L’élement légal en droit pénal – Le juge pénal et la loi – 3

juge et loiII- La loi soumise au juge

A. Le contrôle des règlements par le juge répressif

1. Extension du domaine du contrôle du juge pénal

Quand un règlement est invoqué au cours du procès pénal, les parties et le ministère public peuvent soulever une exception d’illégalité. Elle oblige la juridiction répressive à vérifier la validité de l’acte. Le plus souvent, elle sera soulevée en matière contraventionnelle par un prévenu qui conteste la validité d’un règlement constituant le fondement de la poursuite. Création prétorienne, la compétence du juge a été consacrée par l’art 111-5 du CP. Selon lui, les juridictions répressives peuvent apprécier la validité de tous les actes administratifs qu’ils soient individuels ou réglementaires. Peu importe que l’acte en cause constitue le fondement des poursuites ou simple moyen de défense. Seul compte le fait que de l’examen de la légalité de l’acte dépendra la solution du procès pénal soumis au juge.

2. Multiplicité des points de contrôle du juge pénal

Le juge pénal est compétent pour examiner la constitutionnalité des règlements. Cette compétence sera écartée lorsque l’examen de la constitutionnalité des règlements aura pour effet de conduire le juge pénal à examiner la constitutionnalité d’une loi. C’est la théorie de la loi-écran.Il est compétent pour contrôler la conformité d’un règlement aux traités internationaux, à la loi et aux règlements de valeur supérieure. Les causes d’illégalité qui peuvent être soulevées devant le juge pénal sont nombreuses : incompétence de l’auteur de l’acte, vice de forme, violation de la loi et détournement de pouvoir. Si le juge répressif conclut à l’illégalité de l’acte, il devra écarter l’application du règlement du procès en cours.

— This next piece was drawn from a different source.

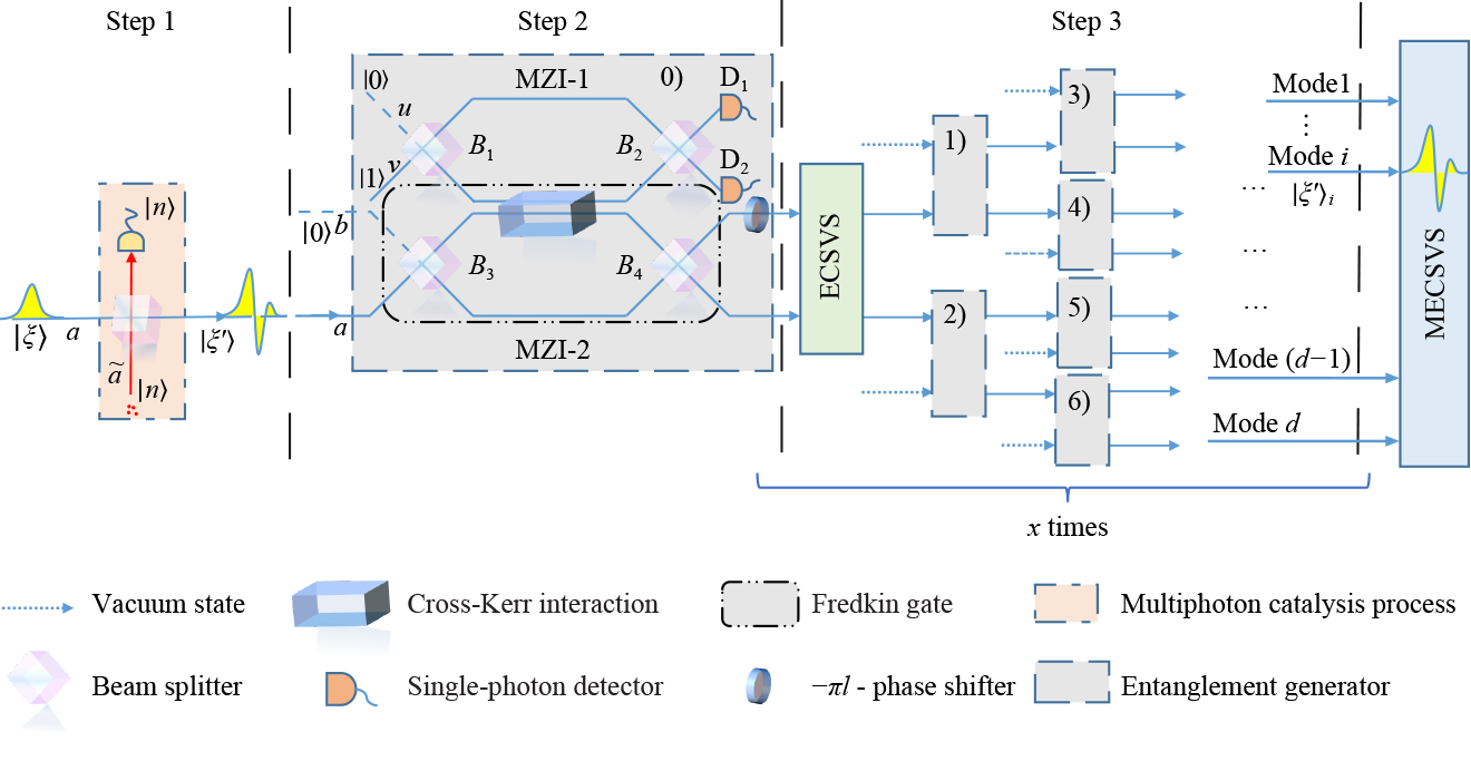 We propose a method to generate the multi-mode entangled catalysis squeezed vacuum states (MECSVS) by embedding the cross-Kerr nonlinear medium into the Mach−Zehnder interferometer. This method realizes the exchange of quantum states between different modes based on Fredkin gate. In addition, we study the MECSVS as the probe state of multi-arm optical interferometer to realize multi-phase simultaneous estimation. The results show that the quantum Cramer−Rao bound (QCRB) of phase estimation can be improved by increasing the number of catalytic photons or decreasing the transmissivity of the optical beam splitter using for photon catalysis. In addition, we also show that even if there is photon loss, the QCRB of our photon catalysis scheme is lower than that of the ideal entangled squeezed vacuum states (ESVS), which shows that by performing the photon catalytic operation is more robust against photon loss than that without the catalytic operation. The results here can find applications in quantum metrology for multiparatmeter estimation.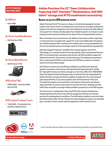 ATTO Technology develops innovative storage and network connectivity solutions that work with Adobe Creative Cloud tools to maximize workflow efficiency and creative output. ATTO Fibre Channel and SAS HBAs, Thunderbolt Adapters, SmartNICs, and NVMe Switch Adapters offer super low-latency, high-bandwidth data transfers for Adobe media production applications: Adobe Premiere Pro, Adobe Audition, and Adobe After Effects.

B. Le contrôle de la loi par le juge pénal

1. Le contrôle de la qualité du travail législatif

S’agissant de la loi, le juge est plus limité que lorsque ce contrôle porte sur un règlement parce que le juge répressif ne se reconnaît pas compétent pour contrôler la constitutionnalité des lois. Seul le Conseil constitutionnel est compétent. En revanche, il peut depuis l’arrêt de la chambre mixte du 24.05.75 société des cafés Jacques Vabre, contrôler la conformité d’une loi aux traités internationaux, dont la Convention européenne des droits de l’homme fait partie. Les juridictions pénales peuvent donc contrôler la clarté et la précision de la loi sur le fondement de l’art 7 de la CEDH. Toutefois, si la Cour de Cassation admet le principe d’un tel contrôle depuis 1975, elle ne l’exerçait pas pleinement jusqu’à une date récente. Jusqu’en 2001 elle n’avait jamais écarté l’application d’une loi pour un tel motif. Deuxdécisions importantes : crim 16.01.01 et 20.02.01. Ce sont les premières décisions dans lesquelles la Cour de Cassation se fonde sur l’art 7 pour écarter l’application d’incrimination législative qu’elle juge trop imprécise. Les incriminations étaient des incriminations sanctionnant un usage abusif de la liberté de la presse. A la suite de ces arrêts on s’est demandé si la Cour de Cassation n’avait pas écarté l’application de la loi sur le fondement de l’art 10 relatif à la liberté de la presse. Cette hypothèse a été clairement démentie par l’arrêt du 16.01.02 dans lequel la Cour de Cassation écarte l’application de manière explicite sur le fondement de l’art 7 l’application d’incriminations résultant du CGI. On peut dire quela Cour de Cassation exerce un contrôle sur la qualité de la loi et que l’application de la loi est soumise au juge.

2. D’une légalité formelle à une légalité matérielle

La CESDH pose dans son art 7 l’exigence de la légalité criminelle. Mais la convention a également vocation à régir le droit des pays du common law. Or dans ces pays, la source du droit pénal est la jurisprudence. Ainsi, pour la jurisprudence de la CEDH le terme de loi inclut non seulement le droit écrit mais aussi le droit non écrit. La seule chose qui compte c’est la règle « pas d’incrimination sans incrimination ». Peu importe la nature de la norme qui pose l’incrimination. Le juge fait partie intégrante de la notion de loi. Emme a initié dans notre droit le passage d’une légalité formelle à une légalité matérielle. La seule chose qui compte c’est la règle qui prévoit le respect de l’impératif de sécurité juridique. Le second sens du principe de légalité criminelle a perdu beaucoup de sa vigueur.